N5: "It is more difficult for us to get tests done than it is for the public. We are always blocked from getting tested to prevent wasting the limited number of tests available." N25: "The safety of the patients has been prioritized over the safety of the OR nurses." N3: "It used to be that every patient who came down to the OR had to be tested, but the tests on the patients were stopped. There were occasions when we learned that the patient had tested positive after surgery." N1: "Unfortunately, there was a shortage of PPE at first, which made people nervous. We could not find protective gowns or masks, and we did not enter ORs until the masks arrived, which disrupted the OR team's relationship." N21: "My skin is allergic to several substances, and disinfectant and hand washing have irritated my skin, from my hands up to my elbows."
The Pandemic's Effect on Patient Safety
A total of 23 participants contributed to this theme. The OR nurses reported that the PPE used in the surgeries was designed for general usage and not specialized for use in the OR. This resulted in difficulties in trying to secure surgical asepsis. Moreover, poor nursing care quality throughout the pandemic has led to conditions that have threatened patient safety. Nurses also drew attention to education on patient safety. Some of the nurses who had been reassigned to the ICU stated that they had received no orientation training and warned that it is dangerous to have untrained people in positions of authority.

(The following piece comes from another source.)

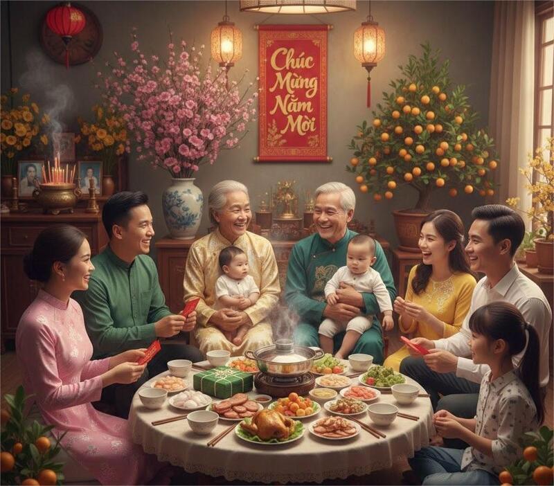 Nếu nhìn vẻ bên ngoài, ăn Tết có thể chỉ là một kỳ nghỉ dài với bánh chưng, giò lụa, hoa đào, hoa mai, lì xì và pháo hoa. Nhưng với người Việt, Tết Nguyên đán còn mang một giá trị tinh thần rất lớn, sâu xa và thiêng liêng. Đó là dịp để cả gia đình, từ người già đến trẻ nhỏ, từ con cháu đi xa đến người thân ở quê, cùng sum vầy bên nhau dưới một mái nhà.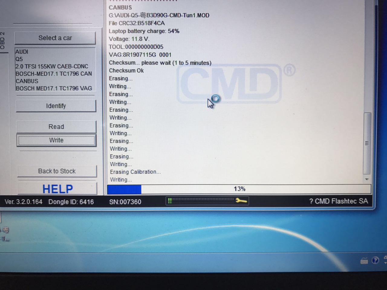 我們頂速和車主相約在了車主家樓底,對(duì)他愛車進(jìn)行升級(jí)。奧迪q5 采用的是obd讀寫。非常的方便。

N3: "When were wearing protective gowns, we were limited to washing our hands only, without being able to wash up to the elbow. This was such a disadvantage for the patient." N7: "The PPE we have used during the period of COVID-19 is larger, heavier, and more uncomfortable than the standard equipment we used before the pandemic. I have had a hard time moving while wearing the PPE, which has occasionally caused me to have difficulty controlling surgical asepsis." N17: "The usage of face shields during surgery causes us to contaminate our sterilized environment." N19: "With COVID, the issue of not allowing anybody into the room until the patient has been intubated has been problematic. The length of patients' anesthetization period has been somewhat prolonged. I believe this affects the patients adversely."
The Pandemic's Effect on Nursing Care
A total of 24 participants contributed to this theme. The OR nurses stated that throughout the pandemic they had been unable to sufficiently monitor patients during the perioperative period. The quality of patient care practices had diminished due to the shortening of preoperative patient preparation times and patient stayed in postanesthesia care units and to the limited contact with patients. They also noted that nurses were not provide adequate preoperative patient care due to social distancing measures, which prevented them from preparing patients psychologically before the surgery. The OR nurses reported that the limited communication they have been able to have with patients during the pandemic has impaired the level of care they provide.

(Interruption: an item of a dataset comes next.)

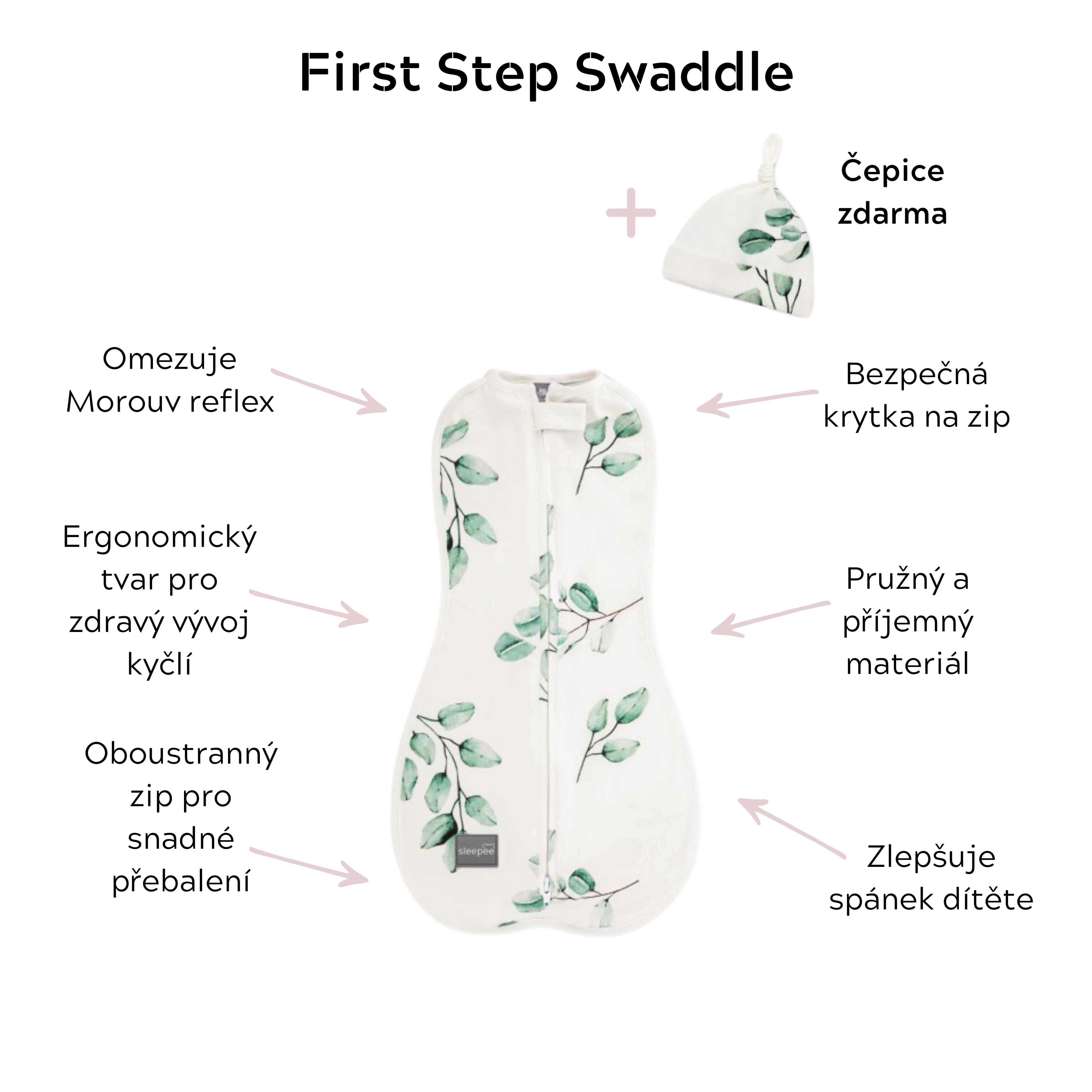 Zavinovačka First Step Swaddle je určena pro děti od 3 do 6,5 kg.

N2: "Before, once we had the patient in the room, we would perform safe surgery. We are no longer able to do any of this. Now, we transport the patient into the room, and the anesthesiologist begins to administer anesthesia after asking their name, surname, and the type of procedure they are to undergo. We don't have the opportunity to psychologically prepare the patient for surgery first." N9: "As we limited communication with the patients, they became more nervous. The communication between the nurse and the patient has weakened." N7: "We cannot touch the patients because we are scared...Being afraid to touch the patient while giving care makes me feel like I am falling short of my responsibilities. I feel that my ability to communicate with patients has dwindled to the point where we cannot communicate at all. It is as though we have lost our ability to empathize." N25: "During this period, the OR has become a neglected unit. With this neglect, the quality of care we provide to patients is greatly impaired." N22: "Patients are always nervous and anxious because ORs are really terrifying and frightening places. When we take the extra measures imposed on us by the pandemic, they actually become even more concerned, since they can no longer communicate with us, even in the simple way of making eye contact. They get a bit more stressed."
Discussion
During the interviews, the nurses appeared to be exhausted, which was confirmed with their statements on feeling overwhelmed physically and psychologically due to the changing conditions brought about by the pandemic. Some of the participants regarded their condition as a being in a state of war and stated that they would not give up because they were warriors, while others had such tight and tiring schedules that they had to postpone the interviews or had to participate in the interviews during their breaks between surgeries.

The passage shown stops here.